Saved entries
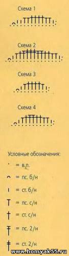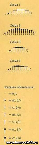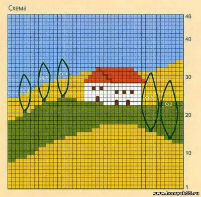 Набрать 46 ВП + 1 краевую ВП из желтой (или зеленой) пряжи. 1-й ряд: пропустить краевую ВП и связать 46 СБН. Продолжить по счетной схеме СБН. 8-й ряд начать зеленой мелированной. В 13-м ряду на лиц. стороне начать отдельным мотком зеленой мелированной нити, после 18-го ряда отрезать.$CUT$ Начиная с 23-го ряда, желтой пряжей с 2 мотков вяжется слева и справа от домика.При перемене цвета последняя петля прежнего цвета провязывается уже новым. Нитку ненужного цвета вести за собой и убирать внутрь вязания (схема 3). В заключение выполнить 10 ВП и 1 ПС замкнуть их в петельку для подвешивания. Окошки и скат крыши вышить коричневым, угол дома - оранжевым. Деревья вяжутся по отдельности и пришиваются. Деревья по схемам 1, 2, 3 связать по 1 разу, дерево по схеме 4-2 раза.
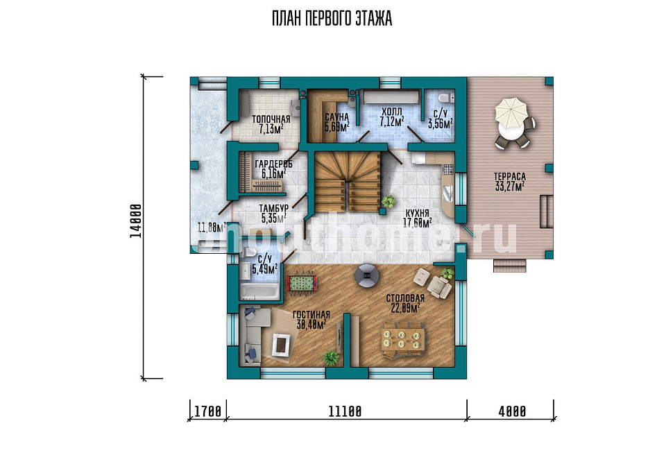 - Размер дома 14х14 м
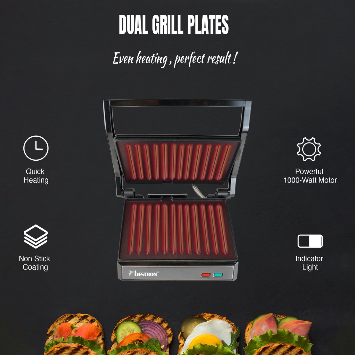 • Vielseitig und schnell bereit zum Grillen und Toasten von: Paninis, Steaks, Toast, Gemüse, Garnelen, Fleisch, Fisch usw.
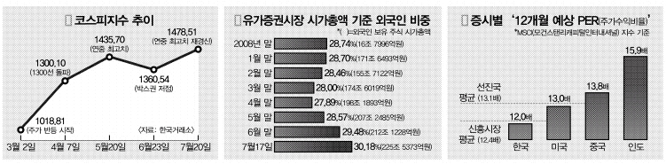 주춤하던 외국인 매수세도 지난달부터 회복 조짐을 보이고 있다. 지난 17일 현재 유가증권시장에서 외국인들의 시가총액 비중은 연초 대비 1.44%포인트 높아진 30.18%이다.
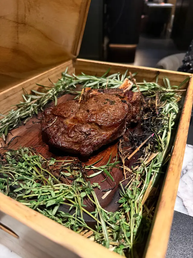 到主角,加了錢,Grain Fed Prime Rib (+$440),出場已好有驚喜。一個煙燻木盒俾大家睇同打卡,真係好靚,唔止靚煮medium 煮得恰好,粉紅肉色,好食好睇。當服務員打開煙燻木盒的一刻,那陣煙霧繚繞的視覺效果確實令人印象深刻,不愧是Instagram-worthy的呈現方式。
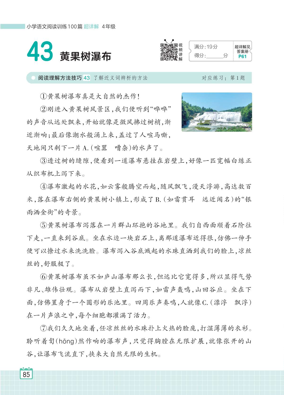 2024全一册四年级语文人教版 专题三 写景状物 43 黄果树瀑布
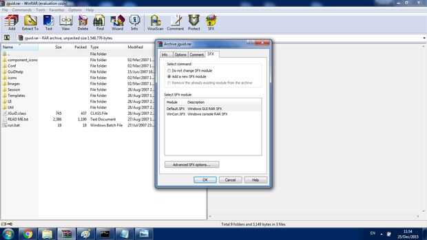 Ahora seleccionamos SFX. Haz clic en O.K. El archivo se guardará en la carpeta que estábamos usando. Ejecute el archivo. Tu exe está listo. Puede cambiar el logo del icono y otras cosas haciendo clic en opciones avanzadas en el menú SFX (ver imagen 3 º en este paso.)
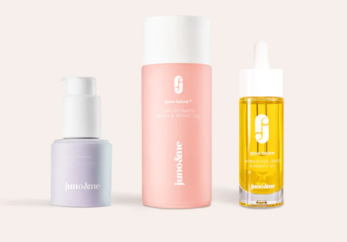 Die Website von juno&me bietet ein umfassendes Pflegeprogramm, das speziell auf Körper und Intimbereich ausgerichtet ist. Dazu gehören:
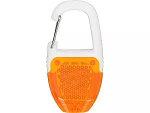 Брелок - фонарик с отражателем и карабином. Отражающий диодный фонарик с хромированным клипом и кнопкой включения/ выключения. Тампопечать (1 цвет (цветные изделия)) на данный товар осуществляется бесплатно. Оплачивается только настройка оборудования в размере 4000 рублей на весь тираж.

▶ **INSTRUCTIONS FOR THE TASK**
Set every entry down again exactly as written, and omit the images.

▶ **EXERCISE ANSWER**
 Набрать 46 ВП + 1 краевую ВП из желтой (или зеленой) пряжи. 1-й ряд: пропустить краевую ВП и связать 46 СБН. Продолжить по счетной схеме СБН. 8-й ряд начать зеленой мелированной. В 13-м ряду на лиц. стороне начать отдельным мотком зеленой мелированной нити, после 18-го ряда отрезать.$CUT$ Начиная с 23-го ряда, желтой пряжей с 2 мотков вяжется слева и справа от домика.При перемене цвета последняя петля прежнего цвета провязывается уже новым. Нитку ненужного цвета вести за собой и убирать внутрь вязания (схема 3). В заключение выполнить 10 ВП и 1 ПС замкнуть их в петельку для подвешивания. Окошки и скат крыши вышить коричневым, угол дома - оранжевым. Деревья вяжутся по отдельности и пришиваются. Деревья по схемам 1, 2, 3 связать по 1 разу, дерево по схеме 4-2 раза.
 - Размер дома 14х14 м
 • Vielseitig und schnell bereit zum Grillen und Toasten von: Paninis, Steaks, Toast, Gemüse, Garnelen, Fleisch, Fisch usw.
 주춤하던 외국인 매수세도 지난달부터 회복 조짐을 보이고 있다. 지난 17일 현재 유가증권시장에서 외국인들의 시가총액 비중은 연초 대비 1.44%포인트 높아진 30.18%이다.
 到主角,加了錢,Grain Fed Prime Rib (+$440),出場已好有驚喜。一個煙燻木盒俾大家睇同打卡,真係好靚,唔止靚煮medium 煮得恰好,粉紅肉色,好食好睇。當服務員打開煙燻木盒的一刻,那陣煙霧繚繞的視覺效果確實令人印象深刻,不愧是Instagram-worthy的呈現方式。
 2024全一册四年级语文人教版 专题三 写景状物 43 黄果树瀑布
 Ahora seleccionamos SFX. Haz clic en O.K. El archivo se guardará en la carpeta que estábamos usando. Ejecute el archivo. Tu exe está listo. Puede cambiar el logo del icono y otras cosas haciendo clic en opciones avanzadas en el menú SFX (ver imagen 3 º en este paso.)
 Die Website von juno&me bietet ein umfassendes Pflegeprogramm, das speziell auf Körper und Intimbereich ausgerichtet ist. Dazu gehören:
 Брелок - фонарик с отражателем и карабином. Отражающий диодный фонарик с хромированным клипом и кнопкой включения/ выключения. Тампопечать (1 цвет (цветные изделия)) на данный товар осуществляется бесплатно. Оплачивается только настройка оборудования в размере 4000 рублей на весь тираж.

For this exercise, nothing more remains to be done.